I glanced down at my speedometer. Eleven miles per hour over the limit; my speed had crept up to try to make up time lost by stopping. That stupid. Stupid.

Stupid stupid stupid stupid stupid stupid stupid stupid

The lights got brighter and I slowed down, at once resigned to the fact that I’d been caught and fabricating flowery scenarios in which I wouldn’t get caught. I pulled to the right shoulder and realized he was pulling over someone behind me. The police officer with the flashing lights was pulling over another car, and not mine. My heart leapt.

It was Damon. My heart sunk.

My car now idling on the shoulder, I saw clearly in my rearview that it was Damon. The officer’s spotlight shone brightly on the Malibu, illuminating its burgundy paint job.

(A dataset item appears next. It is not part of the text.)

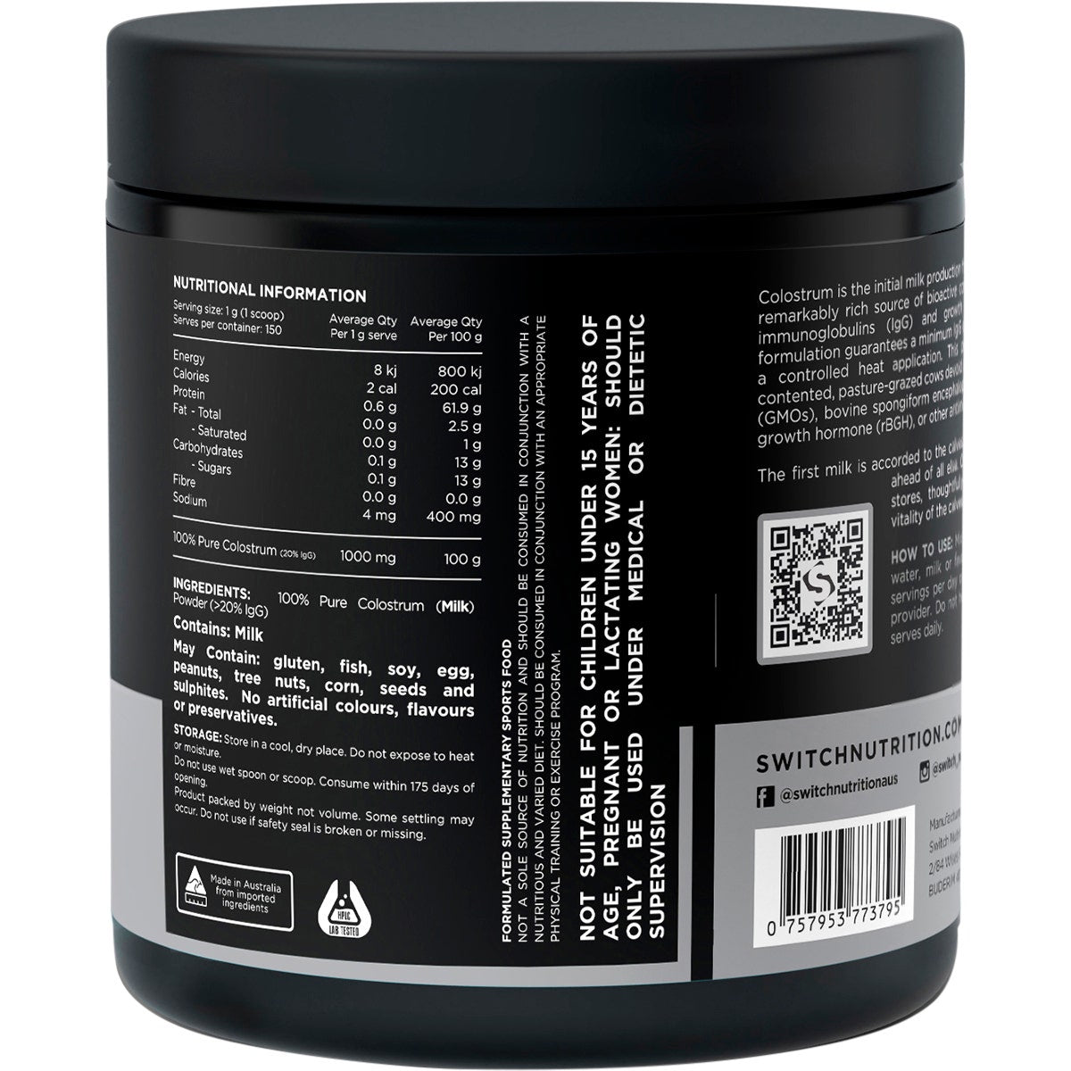 SWITCH NUTRITION Colostrum 100% Pure Colostrum Powder 150g

He was screwed. Or he wasn’t. From an outsider’s perspective, there was nothing to indicate Damon’s car held thousands of dollars worth of heroin. Unless the officer had a dog, there was no way to tell. Perhaps it would be a routine speeding ticket. Perhaps Damon would play it cool, be polite, crack a whimsical joke, and send the officer on his way.

Perhaps.

I got back on the highway and drove. It was all I could do—sticking around would only raise suspicion. I carefully stayed under the speed limit until I reached the drop point, where I waited for Damon.

35

He never made it. I waited for an hour, insisting to the handler he would show up any minute. They got agitated, those faceless individuals who received the cars at that shadowy location in the hills, then the handler drove me home. They were always stoic and mute, going about their business with focused intention, but that night, they were agitated. They asked me questions that bordered on interrogations. Where was he? What happened? Was I involved? They were not used to things going awry.

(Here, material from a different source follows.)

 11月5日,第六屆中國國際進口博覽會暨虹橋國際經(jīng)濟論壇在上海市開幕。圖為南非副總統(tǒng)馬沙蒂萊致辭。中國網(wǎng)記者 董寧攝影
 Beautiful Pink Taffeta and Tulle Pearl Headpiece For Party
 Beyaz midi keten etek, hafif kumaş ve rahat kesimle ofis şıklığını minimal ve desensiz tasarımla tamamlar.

Initially I considered lying to them, telling them I didn’t know anything, but I thought better of it. If he was really in trouble, they might be able to help. Vince might be able to use his influence somehow, and make this go away. So I told them about Damon getting stopped, and that was when they started freaking out. A young, skinny guy put his finger in my chest. Another man dialed his cell phone and walked into the shadows. This was not normal.